TASK BRIEF:
Locate the line bearing "Auch wenn von" in the material below, then reproduce it and each following line up to and including the line bearing "Desde nuestro escritorio, tal".

THE DATA:
—————

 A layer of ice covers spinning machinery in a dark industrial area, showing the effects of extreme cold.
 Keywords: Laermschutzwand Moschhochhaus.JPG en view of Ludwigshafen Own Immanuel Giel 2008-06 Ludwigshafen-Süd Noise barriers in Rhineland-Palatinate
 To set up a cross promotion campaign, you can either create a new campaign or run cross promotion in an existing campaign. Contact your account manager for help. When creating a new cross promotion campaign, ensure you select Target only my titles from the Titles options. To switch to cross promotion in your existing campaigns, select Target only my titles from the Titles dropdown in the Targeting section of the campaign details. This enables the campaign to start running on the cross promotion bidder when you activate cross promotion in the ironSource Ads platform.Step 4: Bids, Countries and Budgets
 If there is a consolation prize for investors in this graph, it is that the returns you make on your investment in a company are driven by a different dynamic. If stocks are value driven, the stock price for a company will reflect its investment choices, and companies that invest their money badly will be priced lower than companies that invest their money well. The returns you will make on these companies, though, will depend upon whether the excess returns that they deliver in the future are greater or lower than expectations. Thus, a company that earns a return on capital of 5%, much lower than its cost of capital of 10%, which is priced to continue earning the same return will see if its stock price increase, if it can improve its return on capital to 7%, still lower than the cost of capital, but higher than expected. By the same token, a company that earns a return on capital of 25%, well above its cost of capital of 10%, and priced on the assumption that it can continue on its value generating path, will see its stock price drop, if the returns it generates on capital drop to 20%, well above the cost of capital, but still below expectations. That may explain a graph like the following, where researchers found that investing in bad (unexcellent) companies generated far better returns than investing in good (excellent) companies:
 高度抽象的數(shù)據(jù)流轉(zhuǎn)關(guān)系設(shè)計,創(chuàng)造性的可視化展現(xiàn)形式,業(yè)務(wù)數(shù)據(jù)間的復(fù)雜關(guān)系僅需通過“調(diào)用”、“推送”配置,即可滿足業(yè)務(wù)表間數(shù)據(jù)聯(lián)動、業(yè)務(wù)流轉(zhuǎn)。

—————

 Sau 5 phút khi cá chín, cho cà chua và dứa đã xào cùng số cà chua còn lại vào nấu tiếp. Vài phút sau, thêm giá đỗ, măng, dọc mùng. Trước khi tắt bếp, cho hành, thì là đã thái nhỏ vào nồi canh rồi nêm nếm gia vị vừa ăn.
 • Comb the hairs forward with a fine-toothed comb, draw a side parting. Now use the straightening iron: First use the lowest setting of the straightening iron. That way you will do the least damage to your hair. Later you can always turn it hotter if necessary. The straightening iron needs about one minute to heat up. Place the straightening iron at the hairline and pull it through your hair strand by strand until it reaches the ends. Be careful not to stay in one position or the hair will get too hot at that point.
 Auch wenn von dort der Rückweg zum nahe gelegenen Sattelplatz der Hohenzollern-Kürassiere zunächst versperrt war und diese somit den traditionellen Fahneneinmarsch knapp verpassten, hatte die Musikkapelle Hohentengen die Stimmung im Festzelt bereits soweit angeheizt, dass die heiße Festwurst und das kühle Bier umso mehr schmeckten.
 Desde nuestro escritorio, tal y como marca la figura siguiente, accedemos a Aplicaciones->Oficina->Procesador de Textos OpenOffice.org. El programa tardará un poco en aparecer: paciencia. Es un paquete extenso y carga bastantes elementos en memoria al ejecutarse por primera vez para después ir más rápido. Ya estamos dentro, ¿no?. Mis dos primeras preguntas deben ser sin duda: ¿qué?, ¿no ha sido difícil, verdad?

—————

FINAL ANSWER:
 Auch wenn von dort der Rückweg zum nahe gelegenen Sattelplatz der Hohenzollern-Kürassiere zunächst versperrt war und diese somit den traditionellen Fahneneinmarsch knapp verpassten, hatte die Musikkapelle Hohentengen die Stimmung im Festzelt bereits soweit angeheizt, dass die heiße Festwurst und das kühle Bier umso mehr schmeckten.
 Desde nuestro escritorio, tal y como marca la figura siguiente, accedemos a Aplicaciones->Oficina->Procesador de Textos OpenOffice.org. El programa tardará un poco en aparecer: paciencia. Es un paquete extenso y carga bastantes elementos en memoria al ejecutarse por primera vez para después ir más rápido. Ya estamos dentro, ¿no?. Mis dos primeras preguntas deben ser sin duda: ¿qué?, ¿no ha sido difícil, verdad?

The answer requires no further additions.